In general, the effects associated with the AS noise can be divided into peri-stimulus and post-stimulus effects. During the AS noise (I2 and I3), the spike rate was substantially increased when compared to the ES-only condition. In contrast to the synchronous spiking in response to the ES pulse train, the additional activity evoked by the AS noise consisted of randomly timed spikes thereby increasing jitter and decreasing VS. Following the AS offset (I4), the transient off-suppression of spontaneous spiking in the AS model caused an opposite effect. Spike rates in the electric + acoustic condition were now decreased relative to the electric-only condition, while the absence of the randomly timed spontaneous activity enhanced the synchronicity between spikes. The off-suppression declined with increasing time distance from the AS offset and all measures recovered to their pre-masking state in I5 or I6. This general qualitative behavior was reflected in both model variants as well as the experimental data. Quantitative differences between predictions and data were mainly restricted to two time frames. First, the spike rate in response to the AS noise and especially the strong AS onset response in I2 was underestimated by the coupled EAS model but not by the uncoupled EAS model. Secondly, the predicted recovery from the off-suppression visible in the post-stimulus intervals I4–I6 was slower than reported from the experimental data. For interval I5, the models predicted considerable deviations in jitter and VS between the electric + acoustic and the electric-only conditions, whereas the experimental data at that time showed almost complete recovery from the offset effects. Comparable recovery was predicted by the EAS models for the additional interval I6, showing that the recovery of the EAS models was roughly 100 ms slower than the experimental measurements.

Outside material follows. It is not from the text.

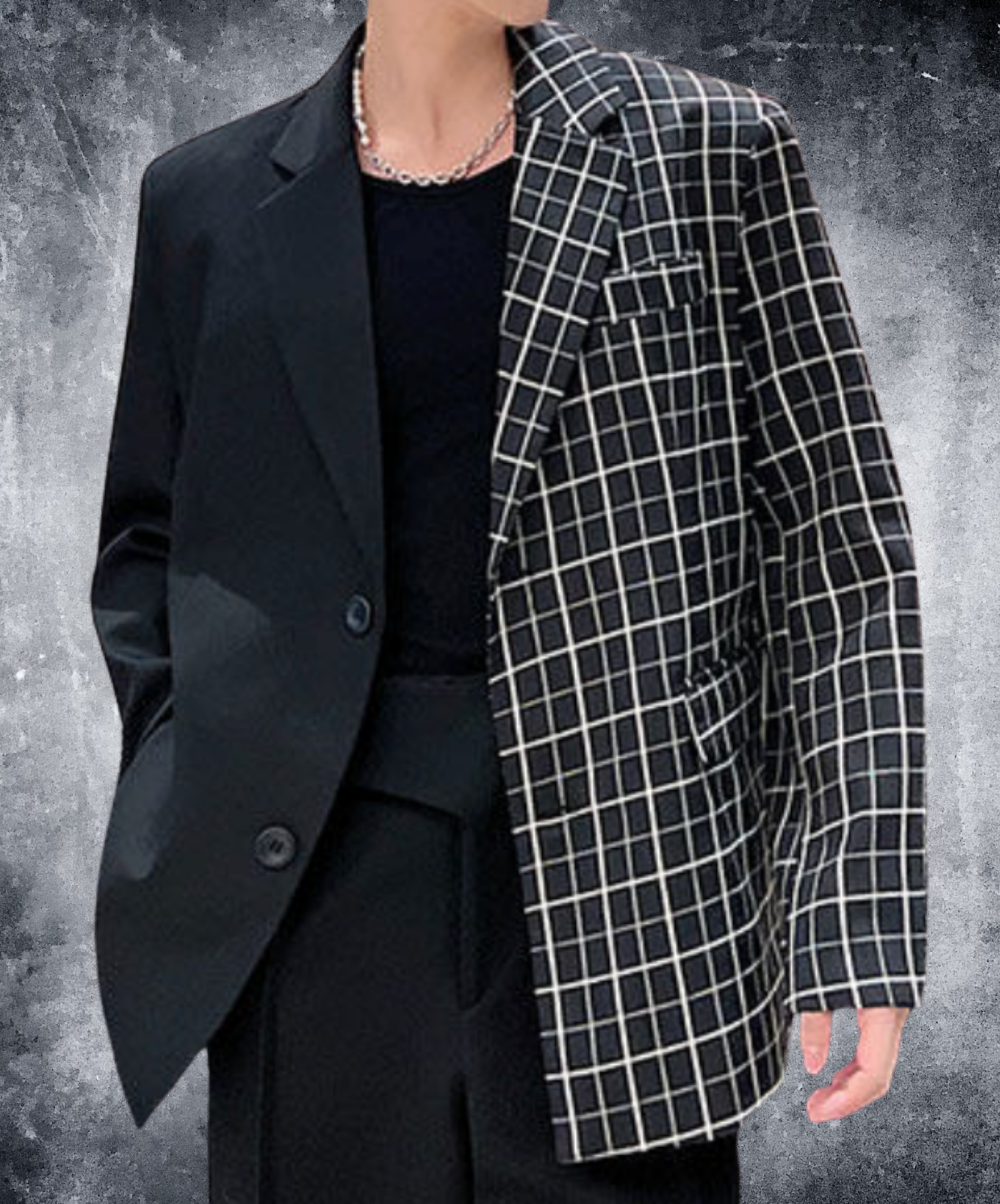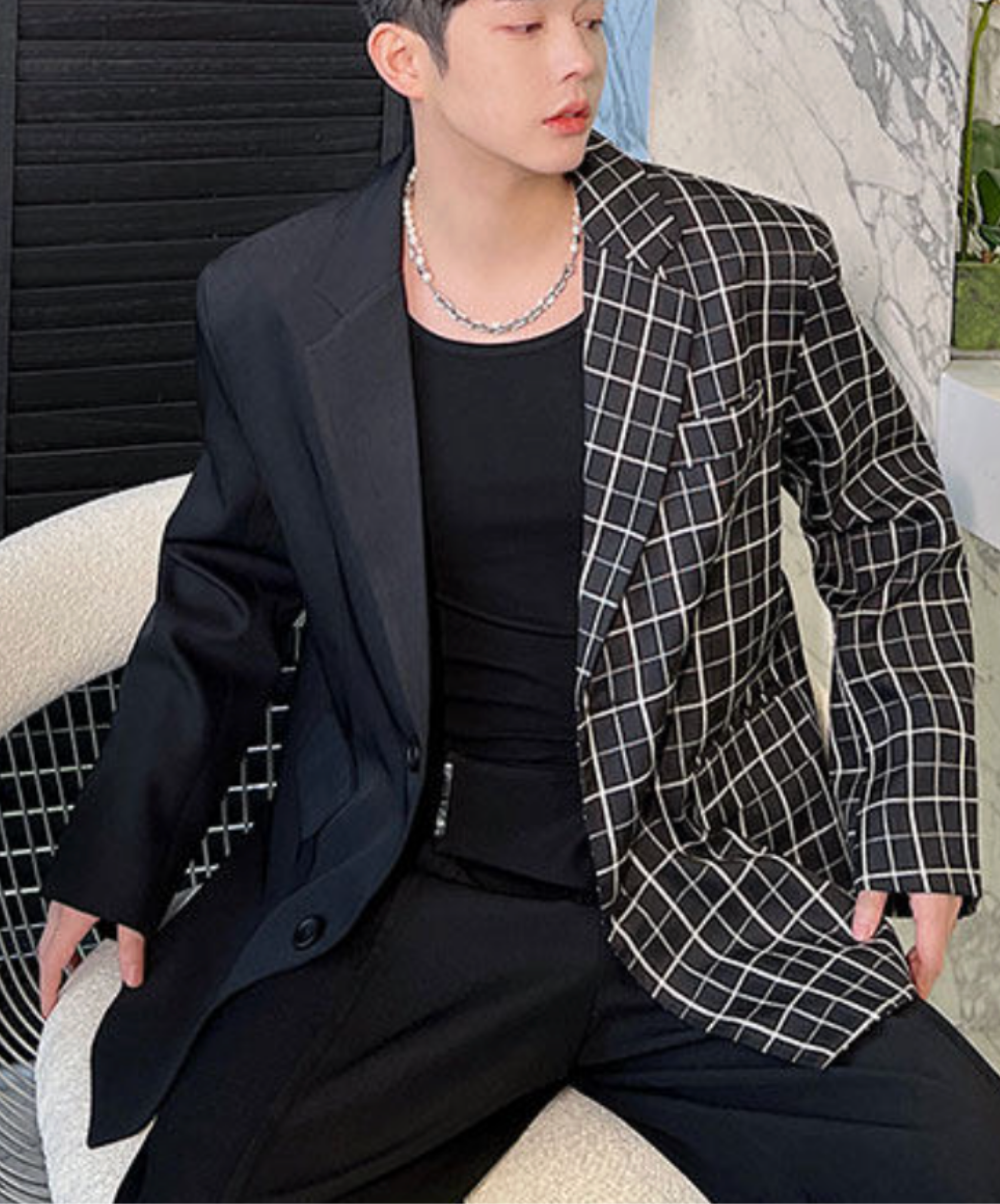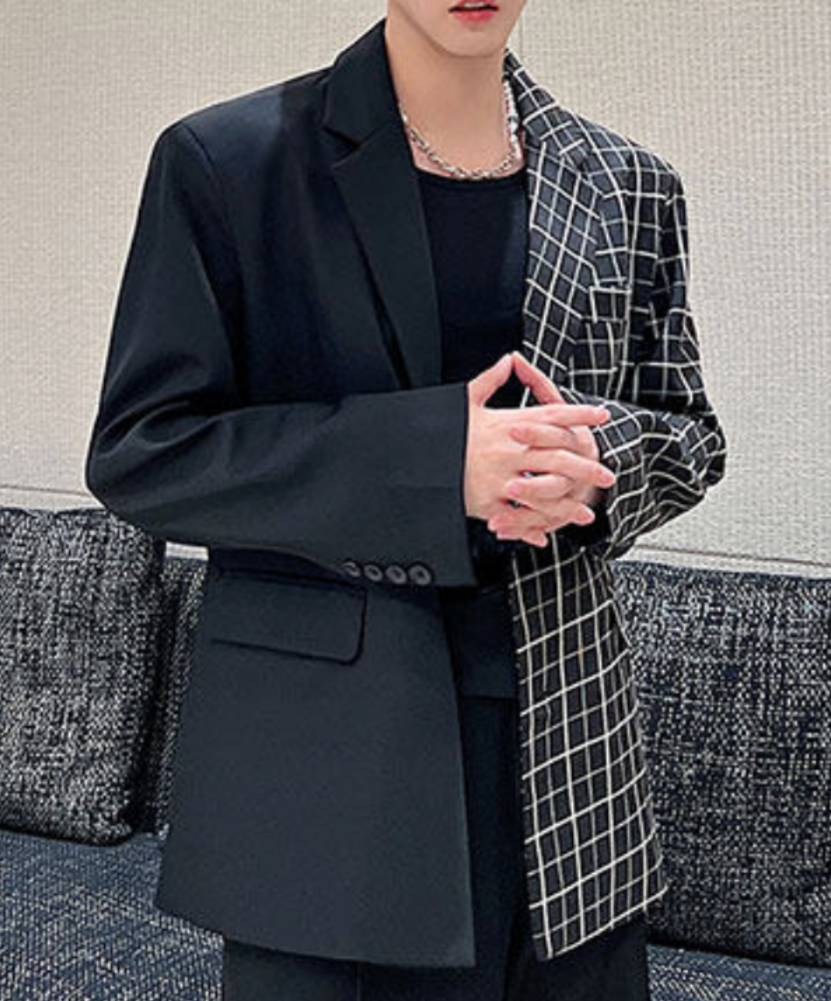 ・片方を無地にすることで派手さを感じさせないスタイリッシュな一着。

The underestimation of the onset response in interval I2 by the coupled EAS model may have several reasons. Parametric simulations were performed to investigate the effects of (i) increasing the AS stimulation level, (ii) decreasing the impairment of IHCs and OHCs, and (iii) shortening the onset interval I2. Appendix 4 shows that these three parameters can affect the predicted responses of the coupled EAS model to better match the experimental data but that none of the effects examined can by themselves explain the complete difference.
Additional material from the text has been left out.